Participants foresee that the treaty will boost business, according to a survey conducted during the 2nd Brazil-Canada Economic Forum

By Silvia Pimentel

A survey carried out during the 2nd Economic Forum of the CCBC (Chamber of Commerce Brazil-Canada) showed that 89% of participants believe that the conclusion of the Free Trade Agreement between Mercosur and Canada will influence their business. Regarding expectations for the signing of the Agreement, more than half of those interviewed (51%) are optimistic about the conclusion of the negotiations. For 38%, the agreement should not come to fruition in the coming years.
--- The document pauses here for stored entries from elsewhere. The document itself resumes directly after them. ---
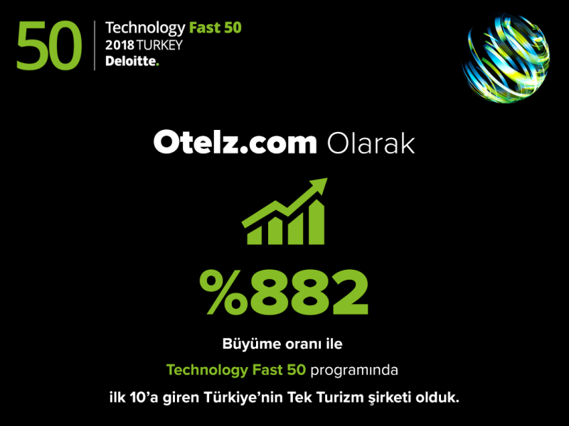 Dünyaca ünlü Deloitte Denetleme firmasının 1995 yılından beri 37 ayrı ülkede oluşturduğu Teknoloji Fast50 listesine 2018 yılında 1 milyondan fazla kişinin rezervasyon gerçekleştirdiği Otelz.com 7. Sıradan girdi.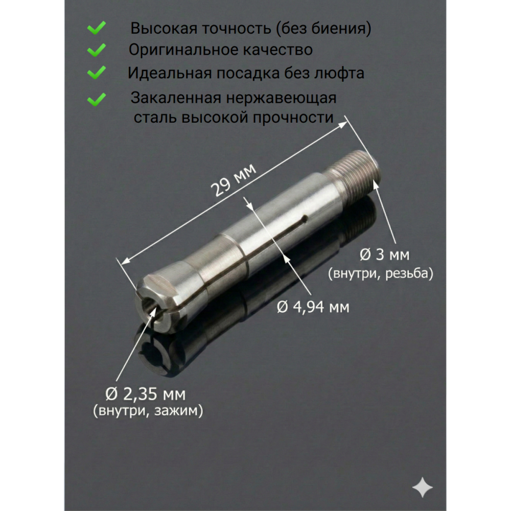 Диаметр зажимаемого хвостовика: 2.35 мм (стандарт).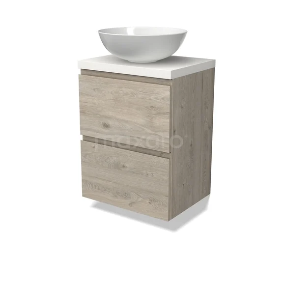 Modulo Plato Badkamermeubel voor waskom | 50 cm Lichtgrijs eiken Greeploos front Mat wit blad 2 lades onder elkaar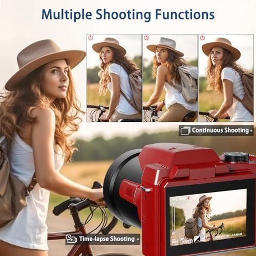 64MP Digital Camera for Photography, 4K Vlogging Camera for YouTube with 3β Flip Screen,16X Digital Zoom, WiFi& Autofocus,2 Batteries, 32GB TF Card

The Mercosur-Canada Agreement was one of the topics discussed during the event, held on June 11th in person and online, and was attended by more than 150 people, most of whom were businesspeople with business in Canada and interested in establishing relationships trade with the country, the 10th largest destination for Brazil’s exports.
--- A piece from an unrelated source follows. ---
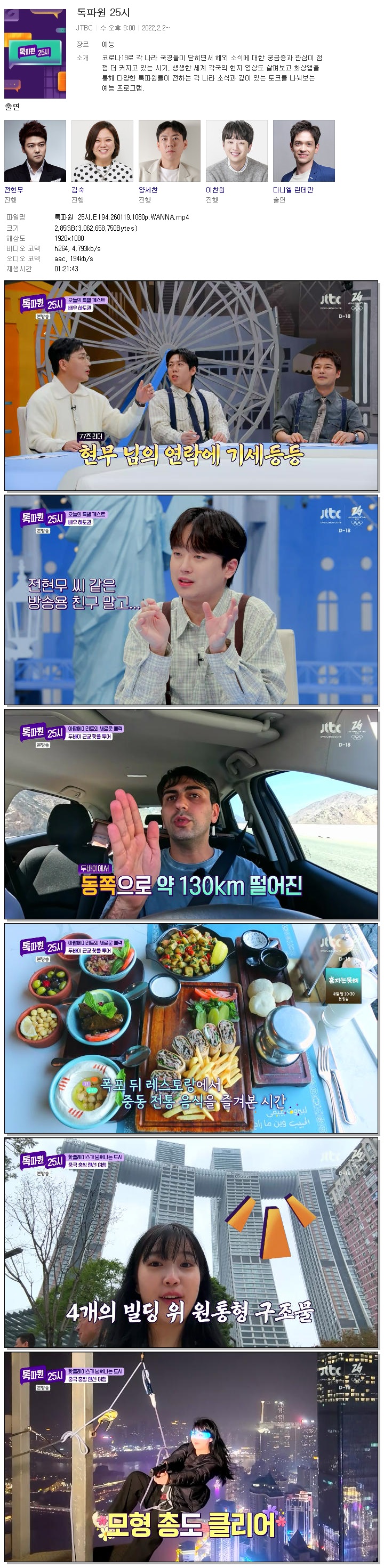 | [JTBC] 톡파원 25시.E194.260119.1080p.WANNA[하도권].mp4 | 2.9 G | 01:21:43 | 1920x1080 |

The importance of its implementation was highlighted by Constanza Negri Biasutti, manager of International Trade and Integration at the National Confederation of Industry (CNI), during the panel “Bilateral Trade: opportunities and challenges”. According to her, this commercial partnership is particularly relevant for Brazilian industry, which has been losing its share of GDP (Gross Domestic Product) and exports more sharply than in other countries.

“Calculations made by the CNI show that access to global exports would jump from a share of 8% to 11% with the finalization of the Mercosur-Canada Agreement”, she informed. Another important survey that highlights the importance of this commercial relationship is that for every R$1 billion exported by Brazil to Canada, 20 thousand jobs are created. “This number does not differ much from the jobs generated when we look at exports to the European Union”, she compared.
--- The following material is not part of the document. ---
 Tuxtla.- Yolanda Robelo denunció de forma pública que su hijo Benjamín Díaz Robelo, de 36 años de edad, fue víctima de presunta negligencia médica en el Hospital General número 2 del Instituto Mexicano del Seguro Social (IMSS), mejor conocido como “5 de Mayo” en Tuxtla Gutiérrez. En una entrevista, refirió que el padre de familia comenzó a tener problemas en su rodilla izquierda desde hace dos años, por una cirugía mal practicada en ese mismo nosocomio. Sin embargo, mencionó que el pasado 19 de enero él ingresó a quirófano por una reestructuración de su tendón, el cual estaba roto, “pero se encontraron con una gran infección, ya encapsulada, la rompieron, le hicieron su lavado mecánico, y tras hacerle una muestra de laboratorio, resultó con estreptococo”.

In an optimistic view, Constanza emphasized that there is clear interest from the industry and great expectations for negotiations to progress and the agreement to finally come to fruition. “We would like to understand a little more about what the Brazilian private sector, in conjunction with the Canadian private sector, can do to speed up these negotiations and, with that, explore new potential,” she said.

Participants during the 2nd Brazil-Canada Economic Forum promoted by CCBC

Investments and economy

According to the survey, encouraging investments in the Agreement negotiations should be a priority for 66% of those interviewed, behind opening up to agribusiness products with the review of export quotas (17%).

The survey also captured perceptions about the main barriers that hinder the growth of international business. In this case, 39% cited political and economic instability. For 22%, the biggest obstacle is legal uncertainty, followed by the tax burden, highlighted by 17% of respondents.

Regarding expectations regarding the Brazilian economy, 47% of those interviewed envisage positive reactions in the coming months, compared to 37% who responded that they were pessimistic. For 17%, there will be no improvement or worsening.

Present at the event, the economist and former president of Insper, Marcos Lisboa, outlined an overview of the Brazilian economy over the years, historically marked by falls and rises in GDP (Gross Domestic Product). “The private sector is not paying attention to the high volatility of the Brazilian economy and, as a result, looks at investment with a focus on average return and does not take care of tail risk,” he said.